What is the 2020-2026 housing cycle?+
Phase 1 (2020-2022) supercharged appreciation: mortgage rates fell to 2.65% low (January 2021); pandemic remote work demand; Fed liquidity. Case-Shiller +43% peak-to-peak (Jan 2020 to mid-2022). Median home $290K to $415K. Phase 2 (2022-2023) hiking correction: rates 3.0% to 7.8% peak. Case-Shiller decelerated +20% to -1% YoY (peak-to-trough). Specific markets (Austin, Phoenix, Las Vegas) -10-15%. Phase 3 (2024-2026) stabilization at high prices + high rates: rates 5.98-7.5%. Case-Shiller +1-7% YoY ranging. Affordability stress persists. Transaction volume 50-year lows. Inventory low (homeowners locked into low-rate mortgages reluctant to sell). Resolution requires rate decline below 5.5%, price decline 10-15%, or income growth +10-15%.
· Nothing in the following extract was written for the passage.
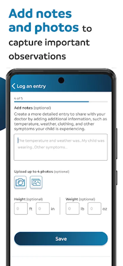 • Growth data: Keep an up-to-date growth percentile chart by logging your child’s height and weight measurements every 30 days

How does regional variation work?+
Significant regional variation around national average. Fastest-appreciating cities (April 2026): New York +5-6% YoY (return-to-office demand); Boston +4-5% (limited supply); Cleveland +4-5% (affordability + Midwest renaissance); Detroit +4-5% (revival). Declining/flat: Tampa -3 to -5% YoY (insurance crisis + hurricane risk); Phoenix -1 to +1% (oversupply post-2021 boom); San Francisco flat (tech reset); Austin -2 to 0% (tech + post-pandemic correction). Insurance crisis impact: Florida + California 50-100% premium increases since 2022. Climate risk impact: Atlanta, Charlotte, Dallas outperforming; Phoenix, Las Vegas, Tampa underperforming.
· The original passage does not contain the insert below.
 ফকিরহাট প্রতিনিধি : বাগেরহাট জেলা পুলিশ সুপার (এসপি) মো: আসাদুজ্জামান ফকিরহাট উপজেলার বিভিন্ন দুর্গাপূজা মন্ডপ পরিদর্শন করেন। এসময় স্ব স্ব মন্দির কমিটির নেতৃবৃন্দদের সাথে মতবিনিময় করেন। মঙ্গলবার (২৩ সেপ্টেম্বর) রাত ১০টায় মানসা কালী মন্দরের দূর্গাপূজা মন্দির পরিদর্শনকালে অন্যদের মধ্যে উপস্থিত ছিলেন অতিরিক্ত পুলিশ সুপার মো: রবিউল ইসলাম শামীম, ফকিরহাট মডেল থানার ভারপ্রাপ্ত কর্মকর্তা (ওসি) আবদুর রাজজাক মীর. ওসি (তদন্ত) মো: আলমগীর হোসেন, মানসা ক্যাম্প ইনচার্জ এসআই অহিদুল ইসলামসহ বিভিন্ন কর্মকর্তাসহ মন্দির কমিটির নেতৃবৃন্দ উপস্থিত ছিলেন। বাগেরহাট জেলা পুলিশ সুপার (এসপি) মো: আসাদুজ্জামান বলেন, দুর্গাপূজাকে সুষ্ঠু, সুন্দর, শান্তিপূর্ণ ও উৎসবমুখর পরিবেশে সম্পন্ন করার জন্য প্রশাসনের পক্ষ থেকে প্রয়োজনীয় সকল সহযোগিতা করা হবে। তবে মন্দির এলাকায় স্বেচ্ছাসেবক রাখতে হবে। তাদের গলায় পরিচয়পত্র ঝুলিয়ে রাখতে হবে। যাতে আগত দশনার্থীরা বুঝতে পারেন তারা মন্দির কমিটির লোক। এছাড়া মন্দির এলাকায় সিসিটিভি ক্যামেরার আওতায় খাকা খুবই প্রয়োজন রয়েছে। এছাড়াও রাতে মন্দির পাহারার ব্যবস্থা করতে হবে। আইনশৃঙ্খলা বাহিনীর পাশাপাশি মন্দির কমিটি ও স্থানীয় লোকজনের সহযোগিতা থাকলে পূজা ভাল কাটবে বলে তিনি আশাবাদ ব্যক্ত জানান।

How does the pair perform in stress?+
2007-09 housing crisis: Case-Shiller -27% peak-to-trough (April 2006 to Feb 2012). Mortgage rates fell 6.6% (2007) to 4.5% (2010) as Fed cut. Anomaly: rates fell but prices fell more due to credit crisis + foreclosure tsunami. 2018-2019: rates 3.9% to 4.94% Q4 2018 peak. Case-Shiller decelerated +6.5% to +3.0% YoY (modest). 2020 COVID: rates fell 3.7% to 2.65% Jan 2021 low. Case-Shiller surged +5% to +20% YoY peak (massive demand response). 2022 hiking: rates 3.0% to 7.8% peak. Case-Shiller decelerated +20% to -1% YoY. 2026 stabilization: rates 5.98-6.5%. Case-Shiller +1.2% YoY. Pattern: lag rate changes to Case-Shiller 6-9 months. 2007-09 anomaly where credit/foreclosure dynamics overrode rate-cut benefits.
How is the pair traded?+
Not directly tradable. Indirect exposure via housing-related ETFs/stocks. Long housing: XHB (homebuilders + building products), ITB (homebuilder-heavier), individual builders (DHI, LEN, PHM, NVR), home improvement (HD, LOW), title insurance (FNF, ORCC), mortgage REITs (NLY, AGNC). Rates exposure: 10Y Treasury futures (TY), TLT (long Treasury), MBS through MBB, VMBS. Long XHB benefits from Case-Shiller +3-6% YoY range with stable mortgage rates. Short XHB warranted when Case-Shiller decelerates below +1% YoY combined with mortgage rates rising sustainably above 7%. Case-Shiller releases monthly; mortgage rates Freddie Mac PMMS Thursday weekly.
What is the forward view?+
Case-Shiller +1.2% YoY (January 2026); 30-year mortgage rate 5.98-6.22%. Median home ~$420K; median income ~$80-85K. NAR Affordability Index ~95. Mortgage rate direction is key. Sustained below 5.5% would catalyze Case-Shiller acceleration above +5% YoY. Rate stability around 6% supports current Case-Shiller +1-3% YoY range. Rate rise above 7% would compress Case-Shiller below +1% YoY. Risks: insurance affordability spreading; climate risk repricing accelerating; demographic shifts (millennials peak first-time buying 2024-2027); construction labor shortages. Expected Case-Shiller +1 to +4% YoY range; mortgage rate 5.5-6.8% range absent major catalyst.